> [PROBLEM TO WORK ON] Lines from the one containing "Người mắc Covid-19" through the final line of the data, restated word for word and free of pictures, make up the whole answer.
PROVIDED MATERIAL section start
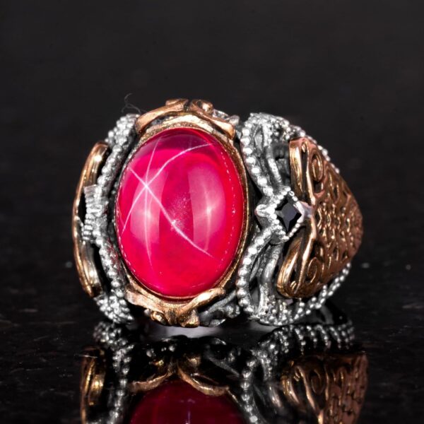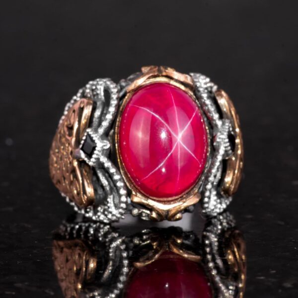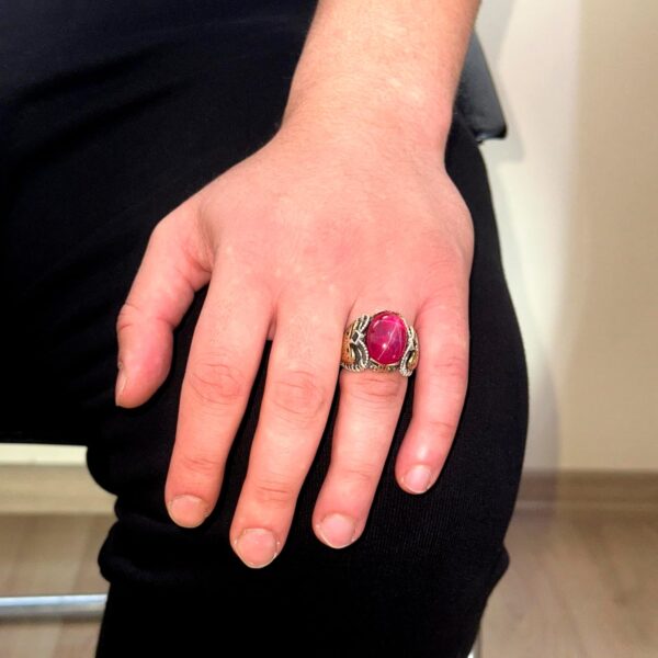 Gerçek Doğal Yıldız Yakut Taşlı Yüzük, 925 Ayar Gümüş Erkek Yüzük
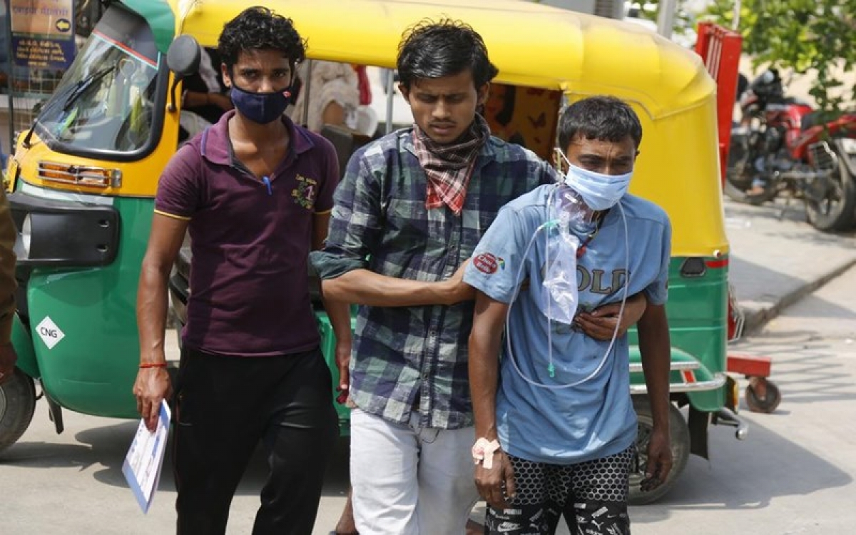 Người mắc Covid-19 được người thân đưa tới bệnh viện tại thành phố Ahmedabad, Ấn Độ, để điều trị. (Ảnh: AP).
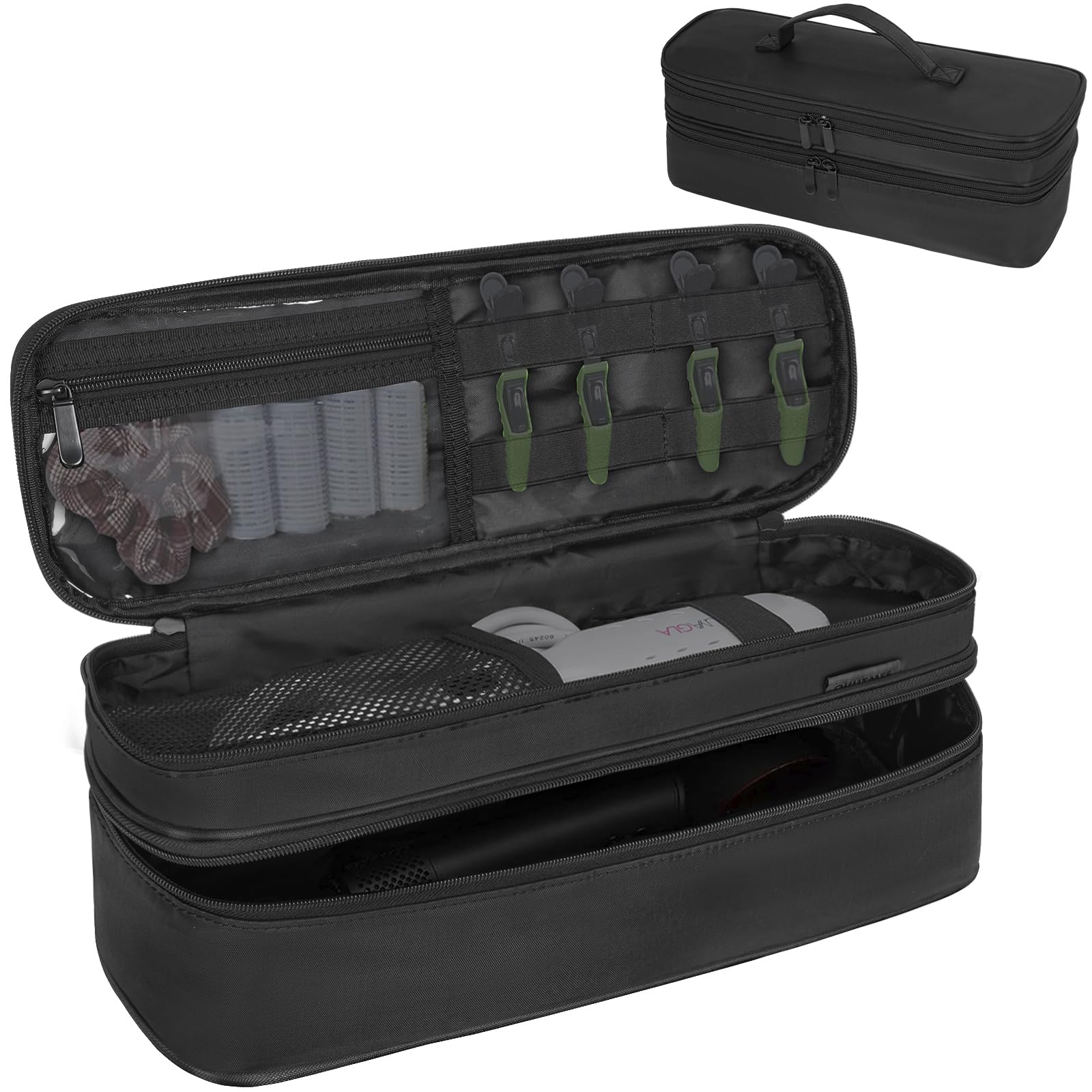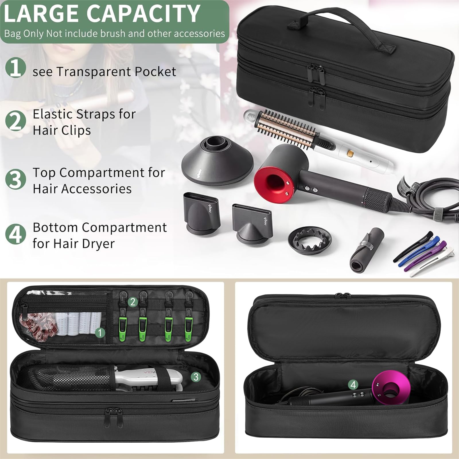 - 【Large Capacity】: Our carrying bag has two spacious compartments, a zipper transparent pocket and multiple elastic bands secure clips, 1 mesh pocket with elastic for storage Curling iron. The second Layer is to storage your hair dryer
PROVIDED MATERIAL section end
> [SOLUTION BELOW]
 Người mắc Covid-19 được người thân đưa tới bệnh viện tại thành phố Ahmedabad, Ấn Độ, để điều trị. (Ảnh: AP).
 - 【Large Capacity】: Our carrying bag has two spacious compartments, a zipper transparent pocket and multiple elastic bands secure clips, 1 mesh pocket with elastic for storage Curling iron. The second Layer is to storage your hair dryer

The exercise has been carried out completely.